Czas przerwać złą passę z Cádiz

  • Ostatnim razem, gdy Valencia pokonała Cádiz w lidze, Baraja był w zespole. Od tamtej pory Los Che zanotowali z rywalem trzy remisy i trzy porażki.

Dwa tygodnie międzynarodowych zobowiązań wystarczą, by naładować baterie na LaLiga. Po powrocie wszystkich zawodników do Paterny, piłkarze Valencii CF trenują w pocie czoła, koncentrując się na poniedziałkowym meczu z Cádiz. Jeden z tych meczów, którego stawką są więcej niż trzy punkty, gdyż jest to pojedynek bezpośredni do bezpiecznego utrzymania się w lidze. Nie należy zapominać, że to sama prezydent Layhoon wyraziła się, że celem drużyny jest nic innego jak uniknięcie spadku z hiszpańskiej elity.

Aby odnieść bogate w znaczenia zwycięstwo, Valencia będzie musiała odwrócić dynamikę, która utrwaliła się w ostatnich latach. Ostatnia ligowa wygrana z Cádizem miała miejsce dawno temu, bo w 2006 roku. Prawdą jest, że Andaluzyjczycy przez kilka ostatnich sezonów rywalizowali w drugiej lidze więc Nietoperze nie mieli zbyt dużo możliwości, aby ograć rywali na poziomie LaLiga. W każdym razie, z ostatnich sześciu spotkań pomiędzy obiema drużynami (w lidze), Valencia nie była w stanie wygrać żadnego z nich. Dokładne liczby to trzy remisy i trzy zwycięstwa Cádiz.

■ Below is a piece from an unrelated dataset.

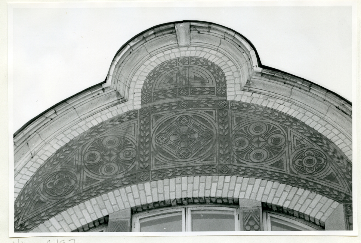 Engelbrektsgatan 19. Dekorationsbård på Herrgärdsskolans huvudbyggnad.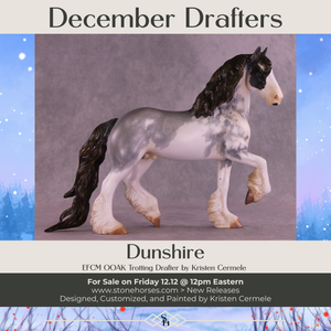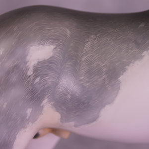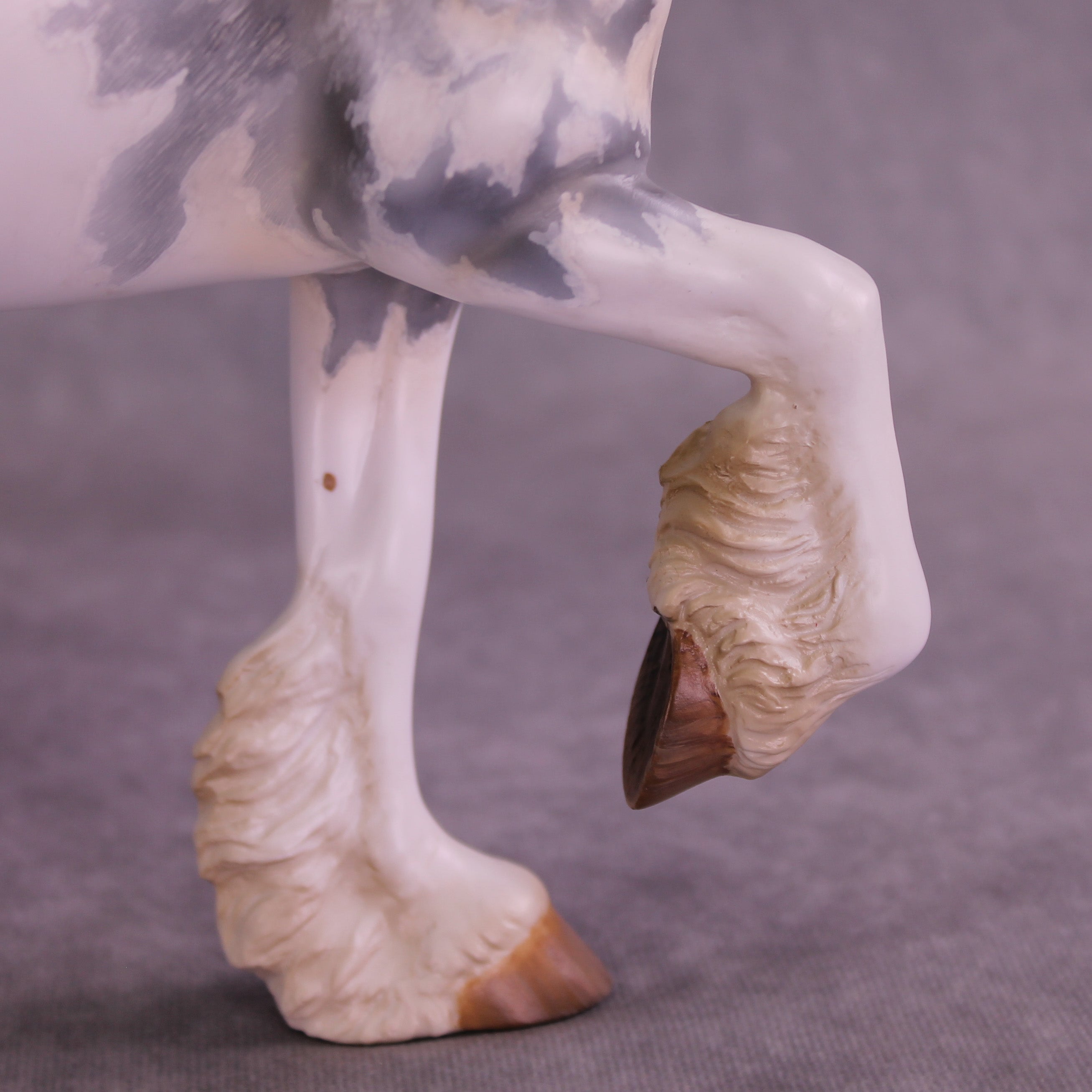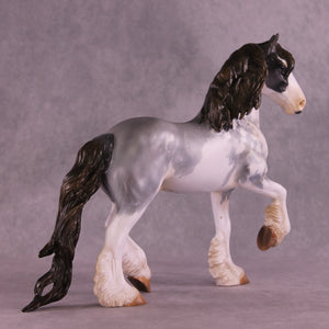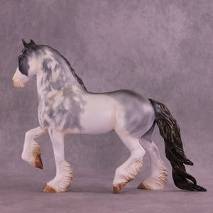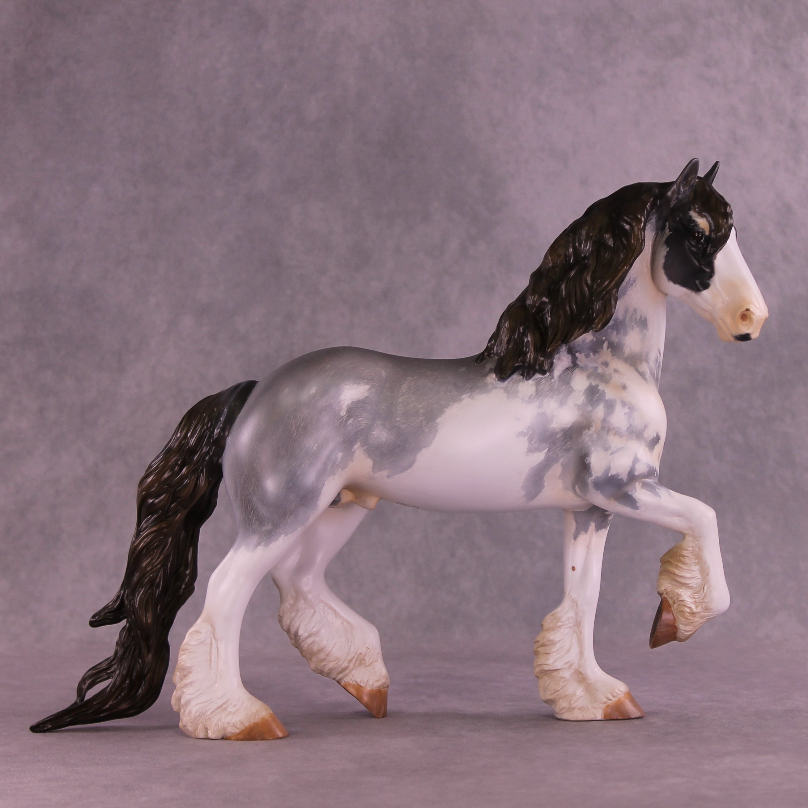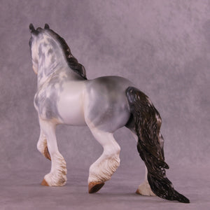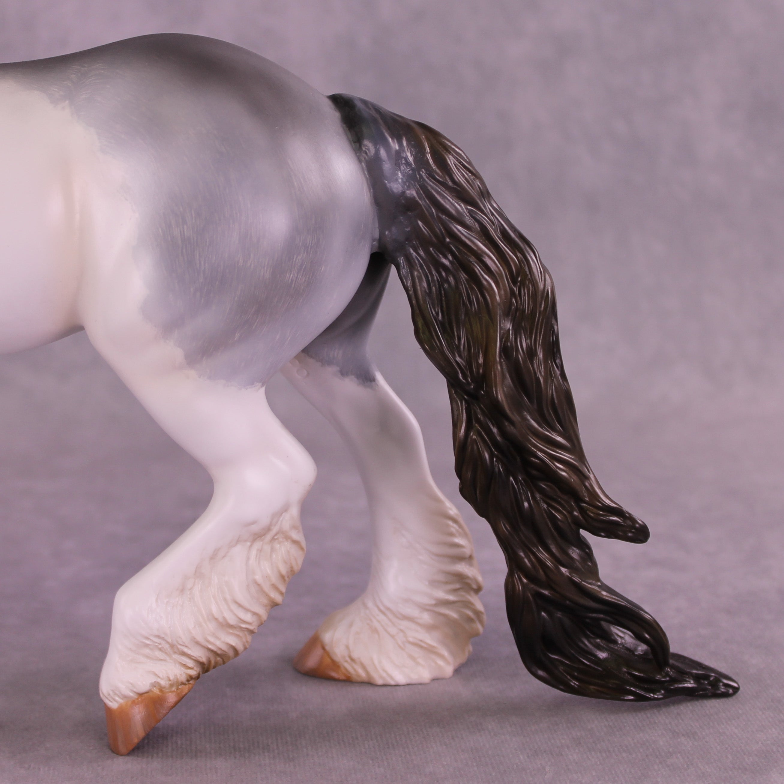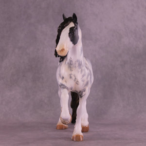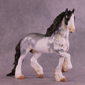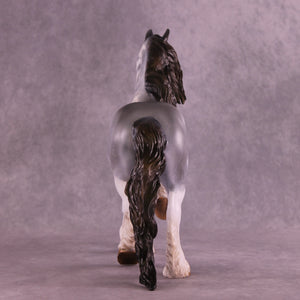 Dunshire begins on our Trotting Drafter, and Kristen gave him a makeover! She turned his head, customized him into a stallion, gave him a new customized mane and tail, and repositioned his front leg to be in a more relaxed trot. She then painted him to a mind blowingly detailed black sabino (the type that looks grey) with full etching following hair growth patterns and hand painted mapping through the extremely complex design. His whites are painted as well for a chalky look, he has shading in his feather to show his life lived outside, and no detail is overlooked on this piece! He comes in a lovely matte finish with no finish changes offered.

Ubiegły sezon był potwierdzeniem powyższej statystyki, gdzie drużyna Sergio Gonzaleza mierzyła się ostatnio z Valencią. W samym środku walki obu drużyn o zbawienie, Cádiz zgarnął wszystkie trzy punkty na Nuevo Mirandilla, a także wywiózł je z Mestalla. W sezonie z José Bordalásem na czele, Valencia również nie była w stanie przełamać żółtego muru i zarówno pierwszy, jak i drugi mecz zakończyły się bezbramkowymi remisami. W kampanii 2020-21, z Javim Gracią u steru, Cádiz ponownie zgarnął wszystkie trzy punkty u siebie i zdołał wywalczyć punkt w stolicy Turii.

Lepiej w Copa del Rey

Czasy, w których pucharowe losowanie łączyło Cádiz i Valencię, kończyły się lepiej dla Nietoperzy. W sezonie 21/22, gdy drużyna Bordalása dotarła do finału, ekipa z Mestalla wyeliminowała Cádiz w ćwierćfinale. Inny precedens pochodzi z sezonu 2011/12, kiedy to we wszystkich rundach poza finałem rywalizacja toczyła się do dwóch zwycięstw, a drużyna Unaia Emery’ego awansowała do ostatniej 16-tki.